UK-headquartered Wood has secured a new master services agreement (MSA) and associated contracts valued at around $330 million for operations in the UK North Sea. This strategic partnership agreement will enable the firm to provide services to a number of Harbour Energy’s offshore assets, which are seen as relevant to the UK’s energy security. 

Everest platform; Source: Harbour Energy

Thanks to the new agreement, Wood will provide engineering, procurement and construction (EPC) and operations and maintenance (O&M) services, including digital and decarbonisation solutions, to Harbour’s operated assets, encompassing its J-Area, Greater Britannia Area (GBA), Solan and AELE (Armada, Everest, Lomond and Erskine) hubs. This deal will run for an initial term of five years, with five one-year extension options.

Steve Nicol, Wood’s Executive President of Operations, commented: “We are incredibly proud to have been selected and trusted by Harbour Energy to partner with them across their North Sea assets. We share a commitment to ensuring safe, reliable and sustainable energy production and are confident our integrated digital solutions and world-leading engineering, operations and decarbonisation expertise will enable Harbour to maximise their investment and ensure the UK continues to have the energy mix it needs.  

“We have worked on North Sea assets for more than 50 years and excel in designing and managing the complexity of energy infrastructure while at the same time seeking to minimise associated emissions. This new agreement and new contracts are testament to Wood’s role as a trusted technical partner to the energy companies of the future, where our priority is to help our clients deliver the energy the world needs and be able to transition to a low-carbon future.”

According to Wood, this partnership will support the employment of hundreds of people from its Operations business in Aberdeen and offshore across the two EPC and O&M contracts, with further recruitment expected in 2024.

Audrey Stewart, Harbour Energy’s Vice President of Supply Chain, remarked: “Harbour is excited to develop our relationship with Wood and the signing of this contract is an important step forward in establishing our suite of long-term strategic partnerships across our North Sea assets.”

The Greater Britannia Area was Harbour’s largest producer in 2022 at 31 kboepd, compared to 33 kboepd in 2021. The company previously revealed plans to return to drilling at Callanish in the second half of 2023 with the F6 infill well scheduled as part of a wider rig share programme with North Sea operator NEO.

As part of that programme, Harbour will also appraise the Leverett discovery which, if successful, would be tied back to GBA infrastructure.
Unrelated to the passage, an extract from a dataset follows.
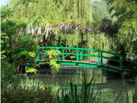
Claude Monet Bridge, Giverny, France
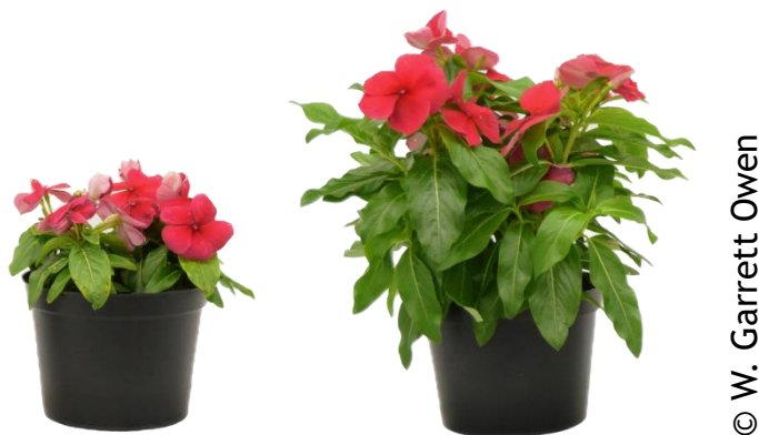
Figure 3. Vinca ( Catharanthus roseus ) exhibiting stunted plant growth (left) compared to a 'normal' plant (right) taken from the crop that was not accidentally drenched with 3 ppm (0.0125 mg active ingredient per pot) paclobutrazol.

This follows the equalisation of interests between NEO and Harbour across the Leverett licences in 2022. The company is also maturing further exploration and appraisal opportunities in the area as well as a potential infill opportunity on Brodgar targeting an area to the east of the field.

On the other hand, the J-Area was Harbour’s second largest producer in 2022 averaging 30 kboepd, compared to 26 kboepd in 2021, driven by improved operating efficiency and an active drilling and well intervention programme with two rigs running since mid-2021. The company also greenlighted the Talbot development which will comprise a multi-well subsea tie-back to J-Area facilities and is targeting first oil around the end of 2024. The firm’s 2023 activities include development drilling at Talbot and the Jocelyn South exploration well.

Moreover, the production from Armada, Everest and Lomond together with Erskine averaged 27 kboepd, compared to 24 kboepd in 2021, which was driven by higher production efficiency, with AELE benefiting from a shorter summer maintenance campaign and improved reliability.

In addition, the production was supported by the LAD development well which targeted the East Everest Extension area and was brought on-stream in the first quarter of 2022, helping to partially offset the natural decline. The company’s 2023 activities include several well intervention scopes and the maturation of a potential infill opportunity on North West Seymour.

Wood, which is also working for BP, Shell, and Centrica, recently joined forces with Transitus Energy to explore opportunities for onshore and offshore decarbonisation projects across the United Kingdom energy industry.